Brief — Make an exact copy of the listing, without images.

Data section —
====

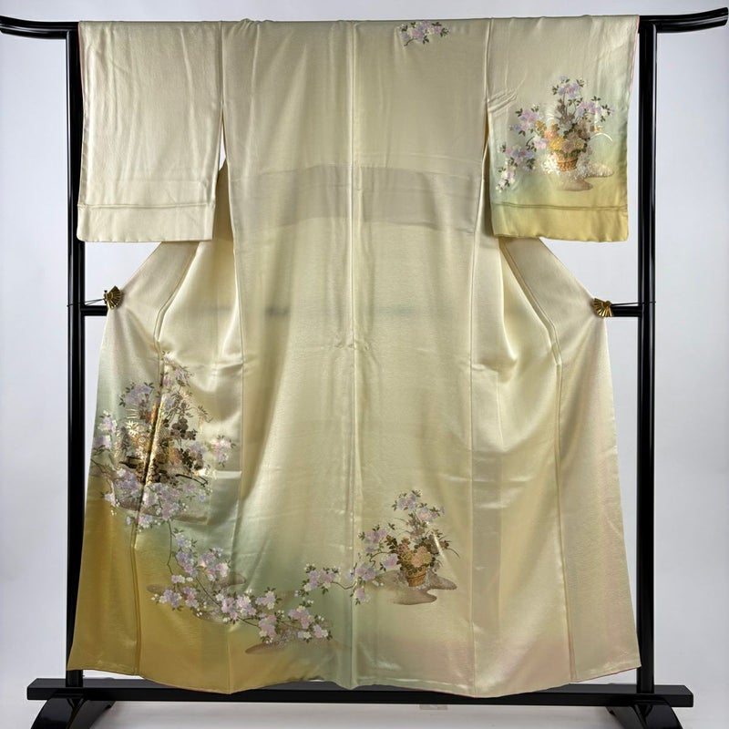 【着物ランク】秀品 【素材】正絹 【身丈】約157cm 【裄丈】約63.5cm 【袖丈】約52cm 【袖幅】約33.5cm 【前幅】約24cm 【後幅】約30cm 【サイズ】S 【着物仕立て】袷 【着用時期】10~5月 【状態ランク】ランクB 【着物着用シーン】披露宴、パーティー、お見合い、式典、茶会
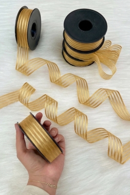 Gold Hilton Çizgili Şifon Kurdele 2,5 cm 20 mt, Gelin, Damat, Bohça, Nişan, Çeyiz, Hediye, Nikah
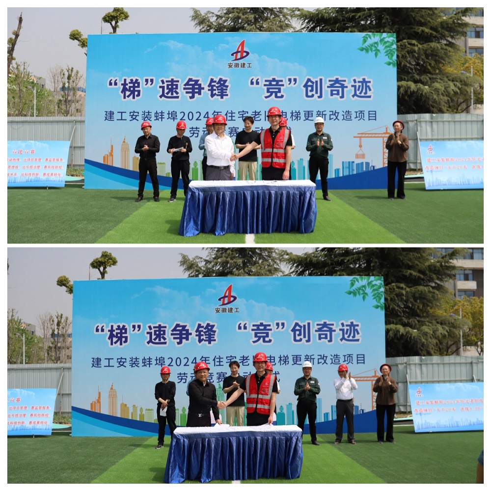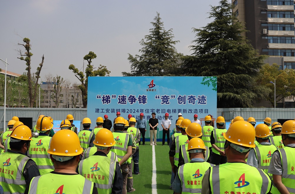 為貫徹集團(tuán)和公司兩級(jí)職代會(huì)精神,落實(shí)公司勞動(dòng)競(jìng)賽活動(dòng)相關(guān)工作要求,加快工程建設(shè)進(jìn)度,不斷提高項(xiàng)目管理和建設(shè)水平,4月10日,建工安裝電梯分公司蚌埠2024年住宅老舊電梯更新改造項(xiàng)目舉行了以“梯”速爭(zhēng)鋒 “競(jìng)”創(chuàng)奇跡為主題的勞動(dòng)競(jìng)賽啟動(dòng)儀式,正式吹響了“大干20天,決戰(zhàn)4.30”勞動(dòng)競(jìng)賽的奮進(jìn)號(hào)角。蚌埠市城市投資控股有限公司代表、分公司班子成員、項(xiàng)目部管理人員、各參建單位代表及作業(yè)人員共130余人參加活動(dòng)。

====

Finished exercise —
 【着物ランク】秀品 【素材】正絹 【身丈】約157cm 【裄丈】約63.5cm 【袖丈】約52cm 【袖幅】約33.5cm 【前幅】約24cm 【後幅】約30cm 【サイズ】S 【着物仕立て】袷 【着用時期】10~5月 【状態ランク】ランクB 【着物着用シーン】披露宴、パーティー、お見合い、式典、茶会
 Gold Hilton Çizgili Şifon Kurdele 2,5 cm 20 mt, Gelin, Damat, Bohça, Nişan, Çeyiz, Hediye, Nikah
 為貫徹集團(tuán)和公司兩級(jí)職代會(huì)精神,落實(shí)公司勞動(dòng)競(jìng)賽活動(dòng)相關(guān)工作要求,加快工程建設(shè)進(jìn)度,不斷提高項(xiàng)目管理和建設(shè)水平,4月10日,建工安裝電梯分公司蚌埠2024年住宅老舊電梯更新改造項(xiàng)目舉行了以“梯”速爭(zhēng)鋒 “競(jìng)”創(chuàng)奇跡為主題的勞動(dòng)競(jìng)賽啟動(dòng)儀式,正式吹響了“大干20天,決戰(zhàn)4.30”勞動(dòng)競(jìng)賽的奮進(jìn)號(hào)角。蚌埠市城市投資控股有限公司代表、分公司班子成員、項(xiàng)目部管理人員、各參建單位代表及作業(yè)人員共130余人參加活動(dòng)。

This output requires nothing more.